For the data below, transcribe the part that opens with the line containing "This elegant beaded" and closes with the line containing "Siedem głównych kul", exactly and with no pictures.

SOURCE MATERIAL:
§
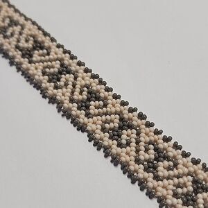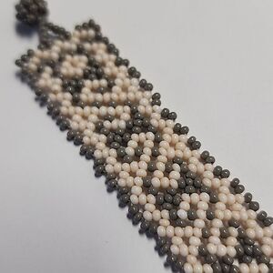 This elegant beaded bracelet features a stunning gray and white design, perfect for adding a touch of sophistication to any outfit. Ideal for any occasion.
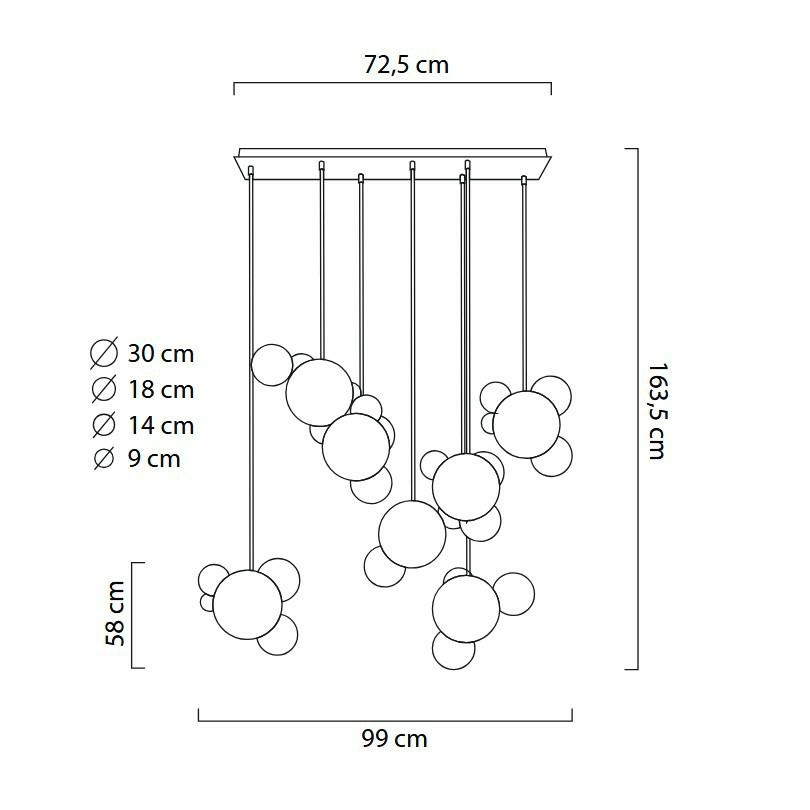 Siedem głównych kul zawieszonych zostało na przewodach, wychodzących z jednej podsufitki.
§
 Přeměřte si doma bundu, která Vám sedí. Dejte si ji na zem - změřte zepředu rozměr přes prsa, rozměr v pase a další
§
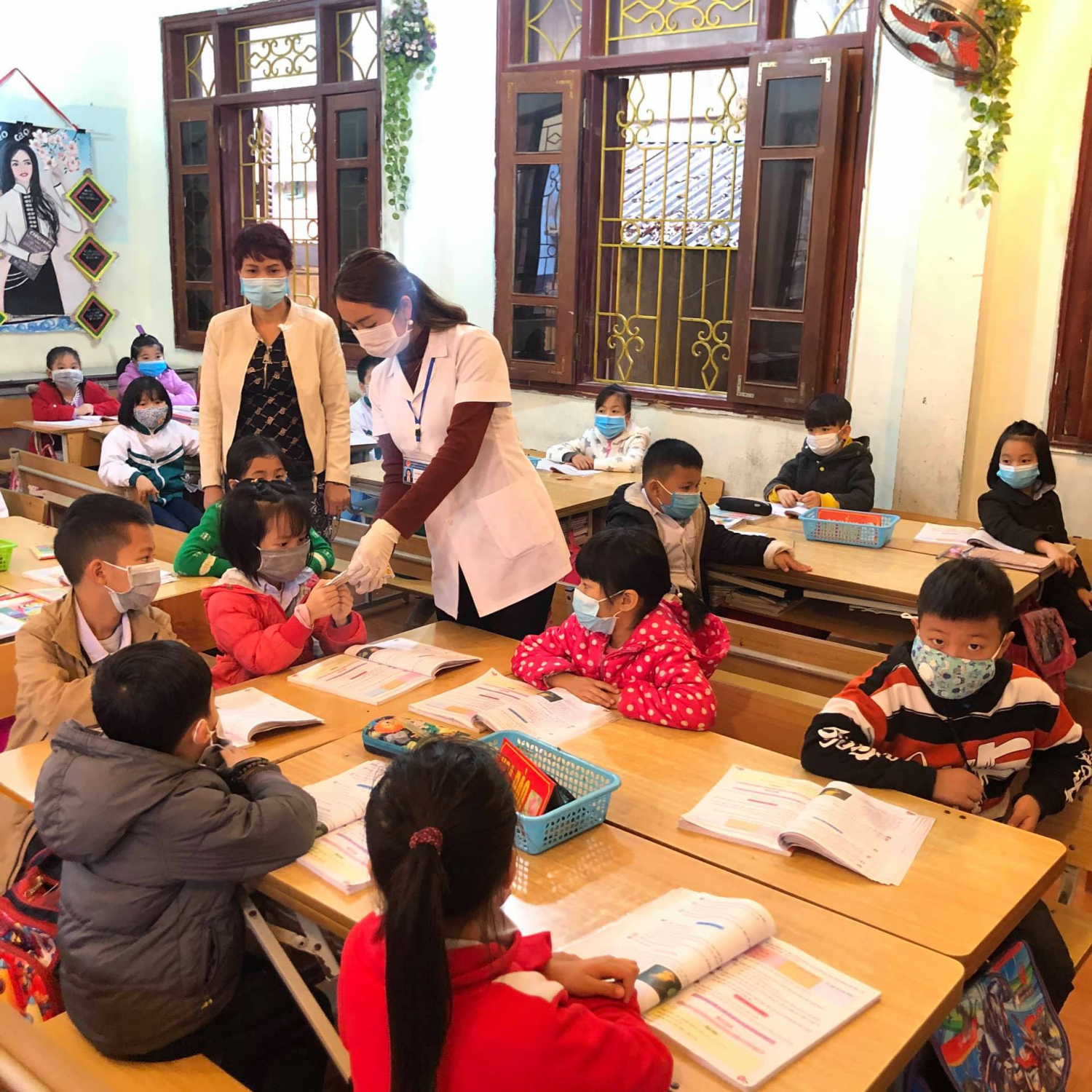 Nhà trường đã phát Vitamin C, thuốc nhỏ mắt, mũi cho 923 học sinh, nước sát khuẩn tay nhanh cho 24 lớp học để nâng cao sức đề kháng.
§
WRITTEN ANSWER:
 This elegant beaded bracelet features a stunning gray and white design, perfect for adding a touch of sophistication to any outfit. Ideal for any occasion.
 Siedem głównych kul zawieszonych zostało na przewodach, wychodzących z jednej podsufitki.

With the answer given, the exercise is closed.